Information given section start

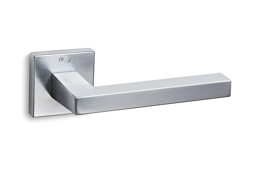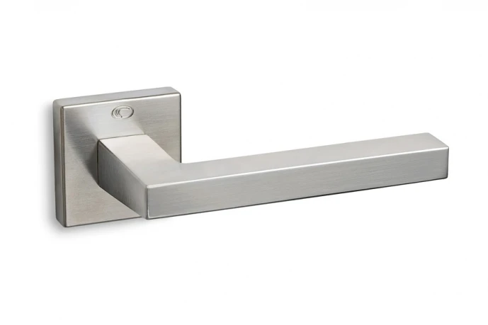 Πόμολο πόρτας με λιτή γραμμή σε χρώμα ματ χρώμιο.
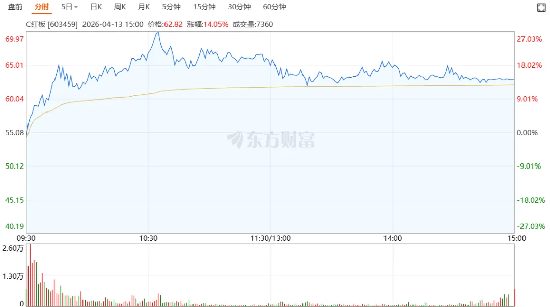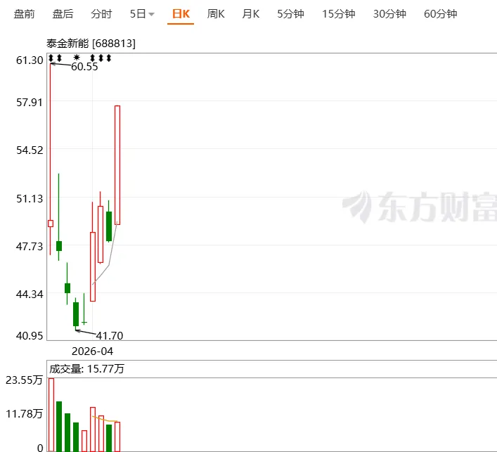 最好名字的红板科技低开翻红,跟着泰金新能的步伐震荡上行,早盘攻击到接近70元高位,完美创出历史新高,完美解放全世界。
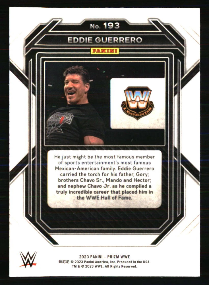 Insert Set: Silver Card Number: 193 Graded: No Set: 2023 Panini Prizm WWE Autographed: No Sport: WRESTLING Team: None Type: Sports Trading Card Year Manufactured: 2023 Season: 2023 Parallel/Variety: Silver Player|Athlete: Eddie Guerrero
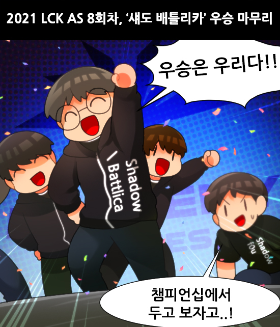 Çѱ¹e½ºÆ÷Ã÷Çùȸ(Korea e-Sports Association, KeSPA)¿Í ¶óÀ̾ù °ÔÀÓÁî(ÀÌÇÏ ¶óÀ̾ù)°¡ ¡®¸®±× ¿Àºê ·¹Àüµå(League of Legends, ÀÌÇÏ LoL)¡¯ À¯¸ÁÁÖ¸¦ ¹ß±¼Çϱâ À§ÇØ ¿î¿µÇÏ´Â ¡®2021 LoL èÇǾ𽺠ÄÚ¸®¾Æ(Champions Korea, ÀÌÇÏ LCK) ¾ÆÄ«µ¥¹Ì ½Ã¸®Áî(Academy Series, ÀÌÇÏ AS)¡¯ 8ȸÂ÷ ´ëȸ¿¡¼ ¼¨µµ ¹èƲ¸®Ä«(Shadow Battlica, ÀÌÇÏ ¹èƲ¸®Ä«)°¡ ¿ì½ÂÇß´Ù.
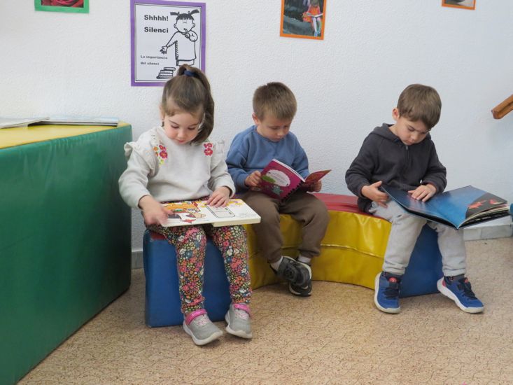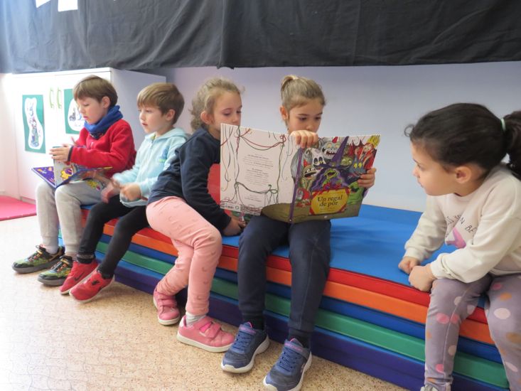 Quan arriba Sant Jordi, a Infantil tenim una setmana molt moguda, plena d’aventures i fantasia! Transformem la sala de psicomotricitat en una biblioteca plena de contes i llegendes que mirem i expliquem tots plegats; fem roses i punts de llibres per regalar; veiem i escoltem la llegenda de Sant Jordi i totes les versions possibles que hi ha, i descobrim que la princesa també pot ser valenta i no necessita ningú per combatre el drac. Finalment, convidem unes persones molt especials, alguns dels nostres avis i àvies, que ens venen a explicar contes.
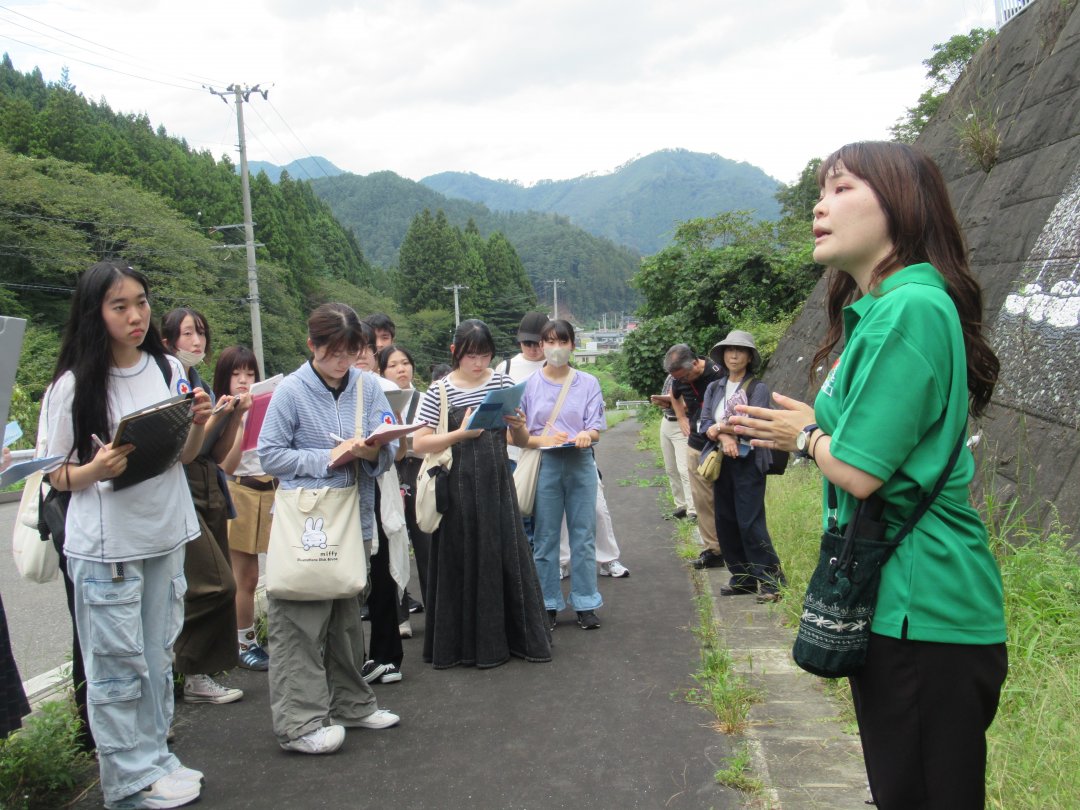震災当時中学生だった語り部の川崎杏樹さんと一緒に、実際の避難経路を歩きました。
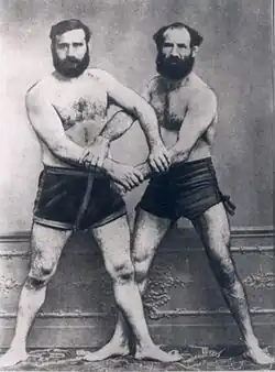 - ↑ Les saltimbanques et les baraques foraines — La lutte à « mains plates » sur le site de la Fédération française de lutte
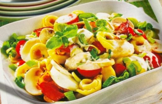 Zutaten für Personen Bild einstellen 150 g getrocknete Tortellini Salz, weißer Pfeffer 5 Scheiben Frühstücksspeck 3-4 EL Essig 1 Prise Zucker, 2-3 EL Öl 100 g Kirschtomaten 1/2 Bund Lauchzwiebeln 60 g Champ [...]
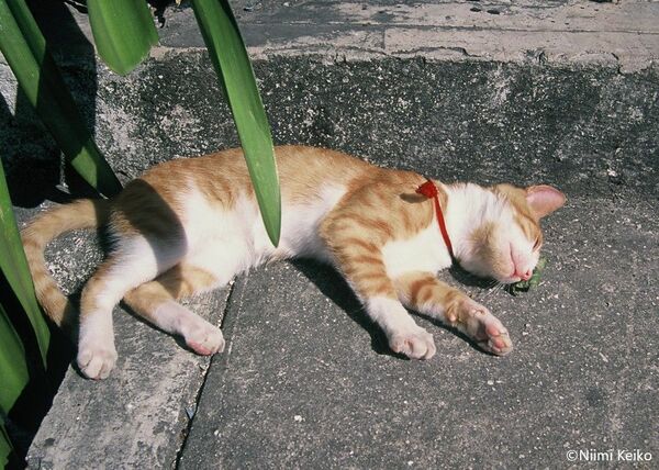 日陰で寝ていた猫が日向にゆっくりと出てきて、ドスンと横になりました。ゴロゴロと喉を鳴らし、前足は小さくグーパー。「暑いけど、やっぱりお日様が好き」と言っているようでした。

Information given section end

- Required action -
Reproduce exactly, and only, the lines that begin at the one containing "震災当時中学生だった語り部の川崎杏樹さんと一緒に、実際の避難経路を歩きました。" and end with the final line of the data, both included, while omitting every picture.

- Result -
震災当時中学生だった語り部の川崎杏樹さんと一緒に、実際の避難経路を歩きました。
 - ↑ Les saltimbanques et les baraques foraines — La lutte à « mains plates » sur le site de la Fédération française de lutte
 Zutaten für Personen Bild einstellen 150 g getrocknete Tortellini Salz, weißer Pfeffer 5 Scheiben Frühstücksspeck 3-4 EL Essig 1 Prise Zucker, 2-3 EL Öl 100 g Kirschtomaten 1/2 Bund Lauchzwiebeln 60 g Champ [...]
 日陰で寝ていた猫が日向にゆっくりと出てきて、ドスンと横になりました。ゴロゴロと喉を鳴らし、前足は小さくグーパー。「暑いけど、やっぱりお日様が好き」と言っているようでした。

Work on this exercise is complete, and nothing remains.